- Born: Robert Joseph White January 21, 1926 Duluth, Minnesota, U.S.
- Died: September 16, 2010 (aged 84) Geneva Township, Ashtabula County, Ohio, U.S.
- Education: University of St. Thomas (B.S., 1951) Harvard Medical School (M.D., 1953) University of Minnesota (PhD, Neurosurgery, 1962)
- Occupation: Neurosurgeon

= Robert J. White =

American neurosurgeon (1926–2010)

Robert Joseph White (January 21, 1926 – September 16, 2010) was an American neurosurgeon, vivisectionist, and bioethicist best known for his work on hypothermia and his experiments with head transplants on mammals, including living monkeys.

== Early life ==
White was born January 21, 1926, raised in Duluth, Minnesota, by his mother and an aunt. His father was killed in combat while serving in the Pacific theater during World War II. White stated in a 2009 Motherboard interview that his interest in the human brain started in high school when his biology teacher admired his dissection of a frog cranium and told White that he should become a brain surgeon.

== Education and career ==
White began his undergraduate studies at the University of St. Thomas before entering the University of Minnesota Medical School in 1949; he later transferred to Harvard Medical School in 1951, where he earned his medical degree cum laude in 1953. White had ten children with his wife, Patricia Murray, a nurse he met at Peter Bent Brigham Hospital while completing his surgical internship and residency. A devout Roman Catholic, Dr. White was a member of the Pontifical Academy of Sciences. He attended mass regularly and prayed before performing surgeries.

Throughout his career, White performed over 10,000 surgical operations and authored more than 900 publications on clinical neurosurgery, medical ethics and health care. He received honorary doctorates from John Carroll University (Doctor of Science, 1979), Cleveland State University (Doctor of Science, 1980), Walsh University (Doctor of Humane Letters, 1996) and the University of St. Thomas (Doctor of Sciences, 1998). White received invitations worldwide to speak, lecture and share his medical expertise. He was a consultant to the Burdenko Neurosurgery Institute in Moscow and was the only foreign member of both Russian and Ukrainian Academies of Medical Science. He lectured extensively in the U.S., Russia, China and Europe. White also became an adviser to Pope John Paul II on medical ethics. He established the Vatican's Commission on Biomedical Ethics in 1981 after his appointment to the Pontifical Academy of Sciences. Under White's leadership, the Commission influenced the church's stance on brain death and in vitro fertilization.

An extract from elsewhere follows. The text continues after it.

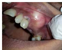
Figure 2. Intra-oral view showing swelling in the labial side of the alveolus.

Electric pulp vitality testing was done on all the teeth in the upper left quadrant and all teeth showed adequate response. Based on the history and clinical features, a provisional diagnosis of a fibro-osseous lesion was made. Differential diagnoses such as benign odontogenic tumor, ossifying fibroma and fibrous dysplasia were considered and radiographic examination was carried out.

He nicknamed himself Humble Bob. White founded Cleveland General Metropolitan Hospital's (now MetroHealth) neurosurgery department. Many people know him for being a leading target for protesters. A PETA activist went as far as to call him "Dr. Butcher" and described his experiments as "epitomizing the crude, cruel vivisection industry." For 40 years, White was a neurological surgery professor at Case Western Reserve University medical school, a well-liked teacher and an acclaimed surgeon. He was one of the best known neurosurgeons in the United States, notably for his minimally successful head transplant experiments on rhesus monkeys.

== Research ==

In 1970, after a long series of preliminary experiments, White performed a transplant of one monkey head onto the body of another monkey. Because the surgery included severing the spine at the neck, the subjects were paralyzed from the neck down. After the surgery, because the cranial nerves within the brain were still intact and nourished by the circulatory system from the new body, the monkey could still hear, smell, taste, eat and follow objects with its eyes.

Ultimately, immune rejection caused the monkey to die after nine days. Jerry Silver, an expert in regrowing severed nerves, called White's experiments on monkeys, "fairly barbaric."

During the 1990s, White planned to perform the same operation on humans and practiced on corpses at a mortuary. He hoped he could do head transplant surgery on the physicist Stephen Hawking and the actor Christopher Reeve. The possible continuation of White's work in head transplantation research and application was examined in the neurosurgical literature in 2013 by Italian neurosurgeon Sergio Canavero; the feasibility of spinal cord reconstruction and cephalo-spinal linkage in humans received support in 2014 from a German study (which does not address directly the actual topic of head transplantation.)

== Death ==
White died at his home in Geneva, Ohio, on September 16, 2010, at age 84 after suffering from diabetes and prostate cancer.

== Sources ==
- The Frankenstein Factor
- Journalist and author Oriana Fallaci wrote "The Dead Body and the Living Brain" (Look, 26, 1967, pgs 99–105) based on White's experimentation on primates; in turn, this was included in the 2010 book edited by philosopher Tom Regan and theologian Andrew Linzey, Other Nations: Animals in Modern Literature.